» WHAT THE EXERCISE ASKS
Copy the entries below exactly; any picture among them should be left out.

» DATA RECORDS
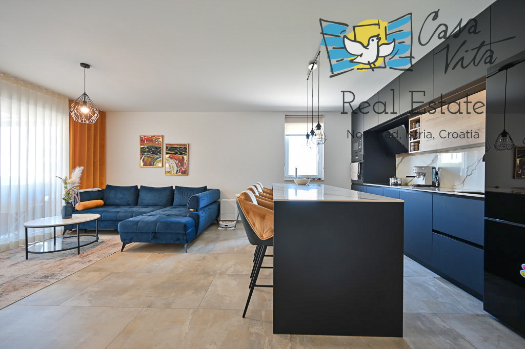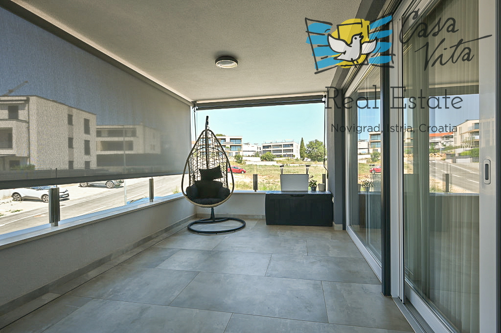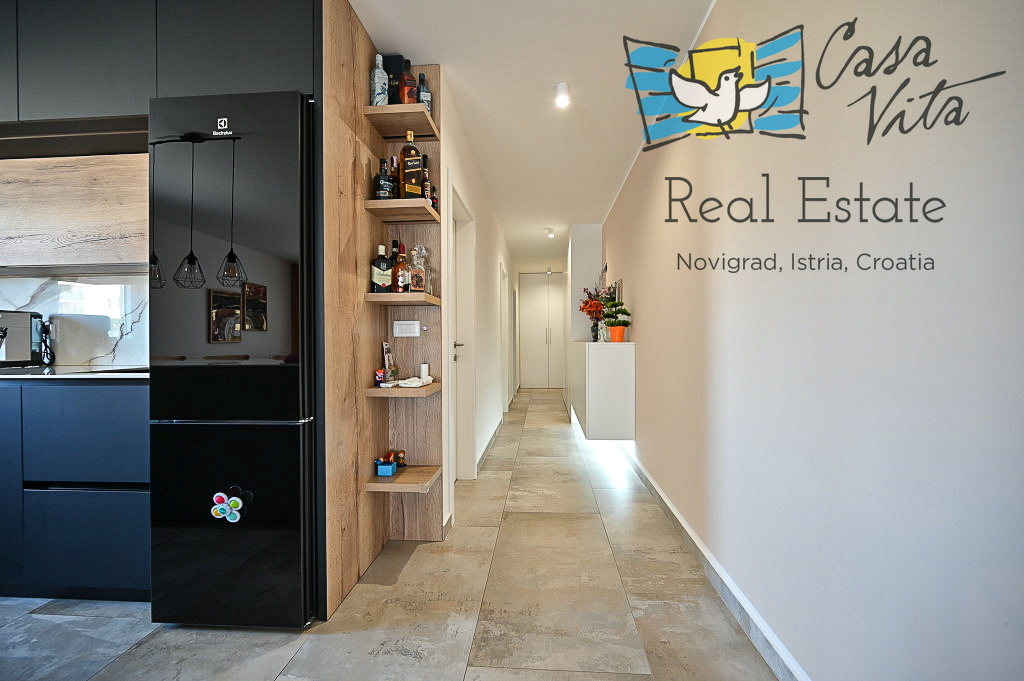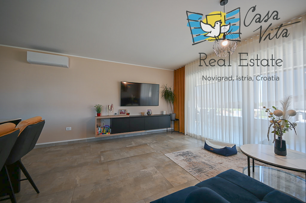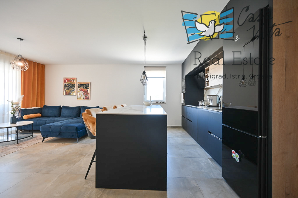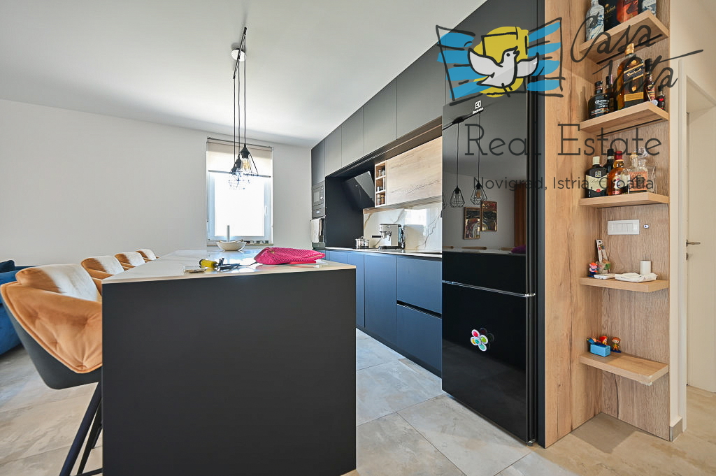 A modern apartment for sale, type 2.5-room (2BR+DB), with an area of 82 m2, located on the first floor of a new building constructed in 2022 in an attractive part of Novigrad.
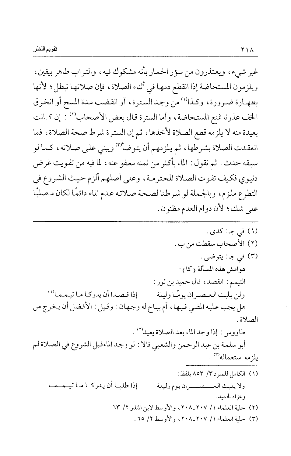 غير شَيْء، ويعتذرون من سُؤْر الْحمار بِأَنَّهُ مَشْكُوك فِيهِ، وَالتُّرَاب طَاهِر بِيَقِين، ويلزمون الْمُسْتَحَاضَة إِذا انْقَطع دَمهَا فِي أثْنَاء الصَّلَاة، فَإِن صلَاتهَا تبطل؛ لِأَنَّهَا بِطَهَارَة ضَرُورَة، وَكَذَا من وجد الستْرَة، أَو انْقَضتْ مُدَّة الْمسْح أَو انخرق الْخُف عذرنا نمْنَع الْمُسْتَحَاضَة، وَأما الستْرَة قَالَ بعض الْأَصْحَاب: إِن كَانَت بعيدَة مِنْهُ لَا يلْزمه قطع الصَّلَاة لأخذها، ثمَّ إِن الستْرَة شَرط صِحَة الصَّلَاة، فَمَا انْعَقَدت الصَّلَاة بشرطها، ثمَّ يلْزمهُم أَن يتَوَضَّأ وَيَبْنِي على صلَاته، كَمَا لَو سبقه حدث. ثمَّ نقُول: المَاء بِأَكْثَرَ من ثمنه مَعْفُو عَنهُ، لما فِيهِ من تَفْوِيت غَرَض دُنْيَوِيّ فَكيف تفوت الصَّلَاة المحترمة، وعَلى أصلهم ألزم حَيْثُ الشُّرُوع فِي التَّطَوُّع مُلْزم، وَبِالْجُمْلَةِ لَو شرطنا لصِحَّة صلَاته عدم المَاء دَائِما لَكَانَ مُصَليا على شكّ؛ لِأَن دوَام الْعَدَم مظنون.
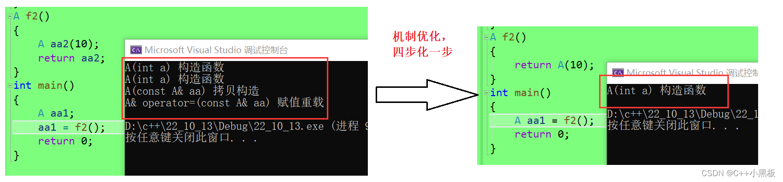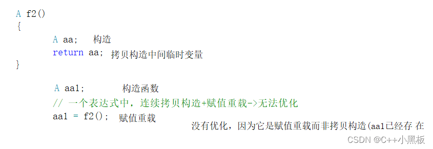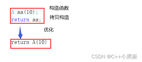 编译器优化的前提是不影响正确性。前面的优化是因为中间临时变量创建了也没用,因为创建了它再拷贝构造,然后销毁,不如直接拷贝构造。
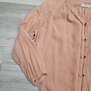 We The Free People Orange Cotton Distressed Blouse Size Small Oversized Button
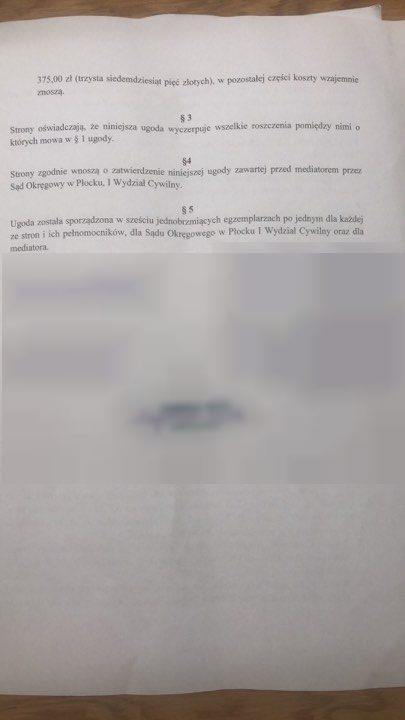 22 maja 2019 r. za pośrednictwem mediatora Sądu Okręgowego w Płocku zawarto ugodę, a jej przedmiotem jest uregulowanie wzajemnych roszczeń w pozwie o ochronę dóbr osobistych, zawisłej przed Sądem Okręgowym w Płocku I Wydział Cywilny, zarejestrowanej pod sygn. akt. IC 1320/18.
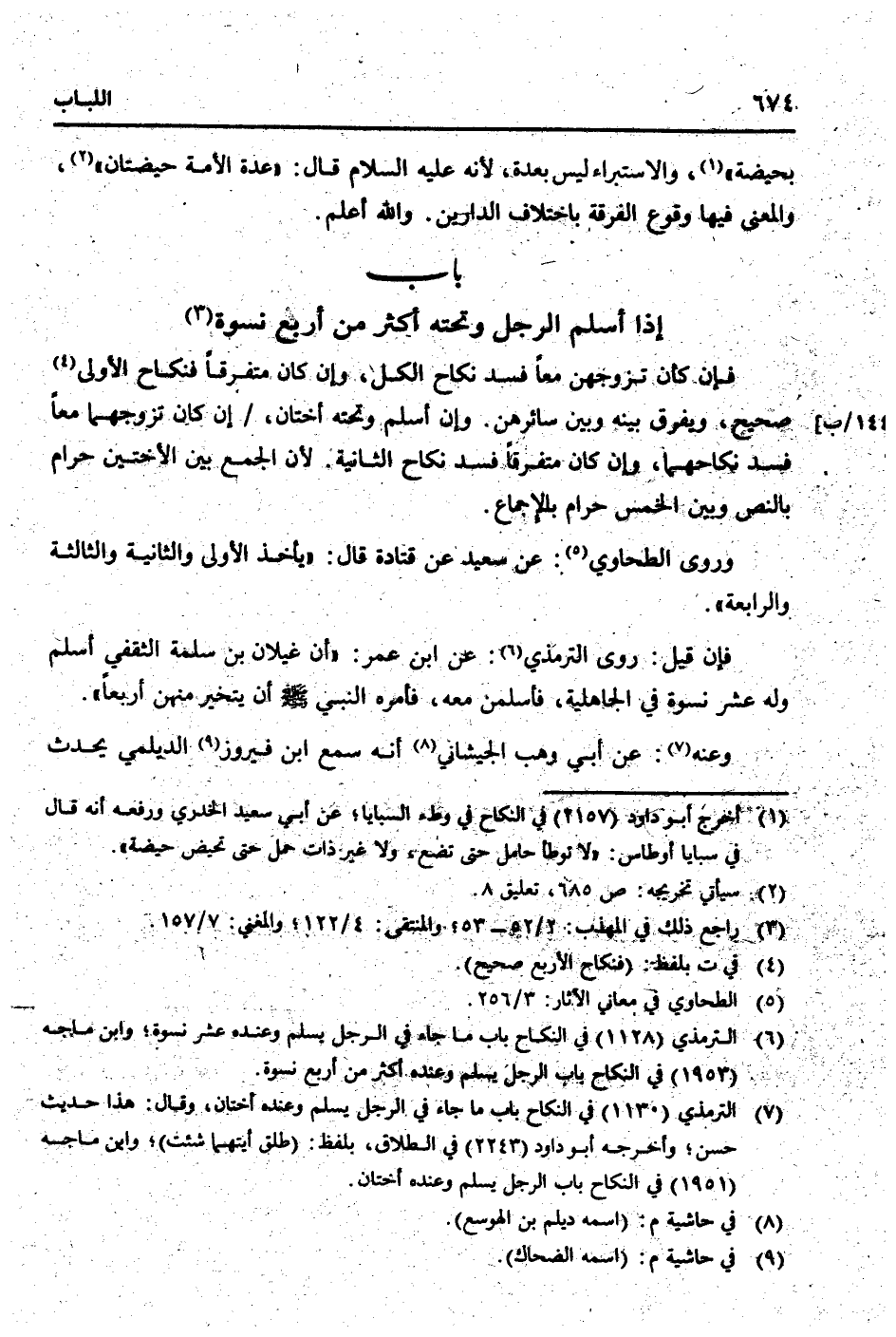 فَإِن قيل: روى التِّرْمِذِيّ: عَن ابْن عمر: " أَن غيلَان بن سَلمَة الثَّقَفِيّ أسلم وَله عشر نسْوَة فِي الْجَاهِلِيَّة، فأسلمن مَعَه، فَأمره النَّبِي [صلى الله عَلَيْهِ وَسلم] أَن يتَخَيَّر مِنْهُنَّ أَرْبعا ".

» ANSWER TO THE EXERCISE
 A modern apartment for sale, type 2.5-room (2BR+DB), with an area of 82 m2, located on the first floor of a new building constructed in 2022 in an attractive part of Novigrad.
 غير شَيْء، ويعتذرون من سُؤْر الْحمار بِأَنَّهُ مَشْكُوك فِيهِ، وَالتُّرَاب طَاهِر بِيَقِين، ويلزمون الْمُسْتَحَاضَة إِذا انْقَطع دَمهَا فِي أثْنَاء الصَّلَاة، فَإِن صلَاتهَا تبطل؛ لِأَنَّهَا بِطَهَارَة ضَرُورَة، وَكَذَا من وجد الستْرَة، أَو انْقَضتْ مُدَّة الْمسْح أَو انخرق الْخُف عذرنا نمْنَع الْمُسْتَحَاضَة، وَأما الستْرَة قَالَ بعض الْأَصْحَاب: إِن كَانَت بعيدَة مِنْهُ لَا يلْزمه قطع الصَّلَاة لأخذها، ثمَّ إِن الستْرَة شَرط صِحَة الصَّلَاة، فَمَا انْعَقَدت الصَّلَاة بشرطها، ثمَّ يلْزمهُم أَن يتَوَضَّأ وَيَبْنِي على صلَاته، كَمَا لَو سبقه حدث. ثمَّ نقُول: المَاء بِأَكْثَرَ من ثمنه مَعْفُو عَنهُ، لما فِيهِ من تَفْوِيت غَرَض دُنْيَوِيّ فَكيف تفوت الصَّلَاة المحترمة، وعَلى أصلهم ألزم حَيْثُ الشُّرُوع فِي التَّطَوُّع مُلْزم، وَبِالْجُمْلَةِ لَو شرطنا لصِحَّة صلَاته عدم المَاء دَائِما لَكَانَ مُصَليا على شكّ؛ لِأَن دوَام الْعَدَم مظنون.
 编译器优化的前提是不影响正确性。前面的优化是因为中间临时变量创建了也没用,因为创建了它再拷贝构造,然后销毁,不如直接拷贝构造。
 We The Free People Orange Cotton Distressed Blouse Size Small Oversized Button
 22 maja 2019 r. za pośrednictwem mediatora Sądu Okręgowego w Płocku zawarto ugodę, a jej przedmiotem jest uregulowanie wzajemnych roszczeń w pozwie o ochronę dóbr osobistych, zawisłej przed Sądem Okręgowym w Płocku I Wydział Cywilny, zarejestrowanej pod sygn. akt. IC 1320/18.
 فَإِن قيل: روى التِّرْمِذِيّ: عَن ابْن عمر: " أَن غيلَان بن سَلمَة الثَّقَفِيّ أسلم وَله عشر نسْوَة فِي الْجَاهِلِيَّة، فأسلمن مَعَه، فَأمره النَّبِي [صلى الله عَلَيْهِ وَسلم] أَن يتَخَيَّر مِنْهُنَّ أَرْبعا ".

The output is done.